*** Block opens ***
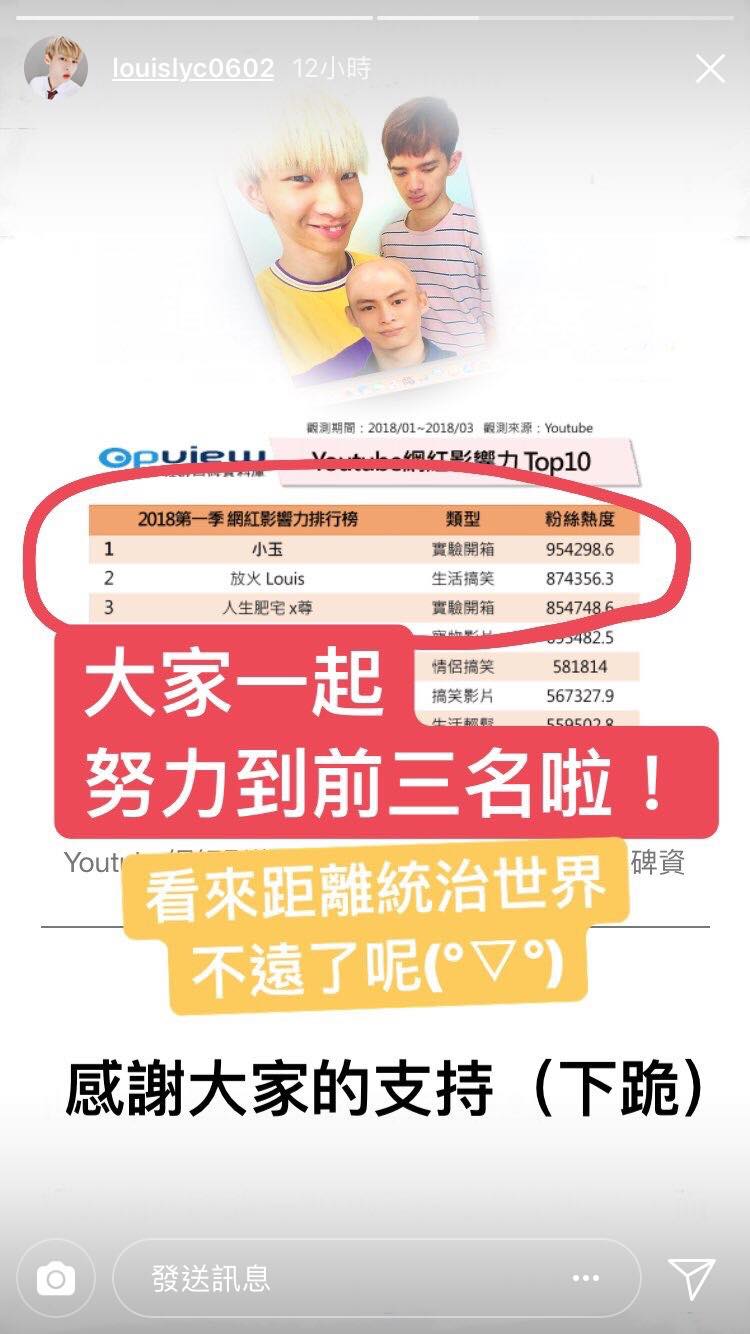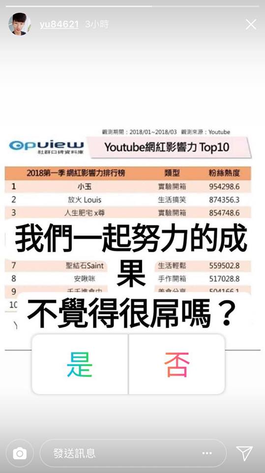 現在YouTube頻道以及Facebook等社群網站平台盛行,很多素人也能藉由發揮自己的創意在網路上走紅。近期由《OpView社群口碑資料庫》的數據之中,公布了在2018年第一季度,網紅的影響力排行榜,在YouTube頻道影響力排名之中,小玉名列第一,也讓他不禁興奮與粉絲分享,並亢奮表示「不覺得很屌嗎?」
*** Block closes ***
*** Block opens ***
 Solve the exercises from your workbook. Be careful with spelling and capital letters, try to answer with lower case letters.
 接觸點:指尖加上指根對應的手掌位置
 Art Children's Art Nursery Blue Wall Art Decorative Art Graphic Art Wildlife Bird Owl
*** Block closes ***
*** Block opens ***
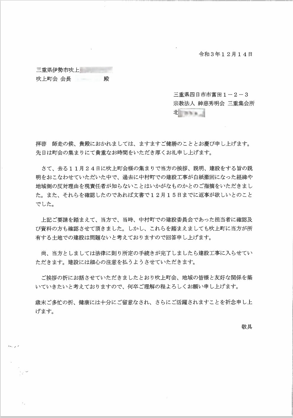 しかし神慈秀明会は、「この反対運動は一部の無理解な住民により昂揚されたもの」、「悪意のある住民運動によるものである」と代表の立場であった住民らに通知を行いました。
*** Block closes ***
Reproduce, exactly as they stand in the data above, the lines from the one that holds "Solve the exercises" to the one that holds "Art Children's Art", inclusive.

- [Task output]
 Solve the exercises from your workbook. Be careful with spelling and capital letters, try to answer with lower case letters.
 接觸點:指尖加上指根對應的手掌位置
 Art Children's Art Nursery Blue Wall Art Decorative Art Graphic Art Wildlife Bird Owl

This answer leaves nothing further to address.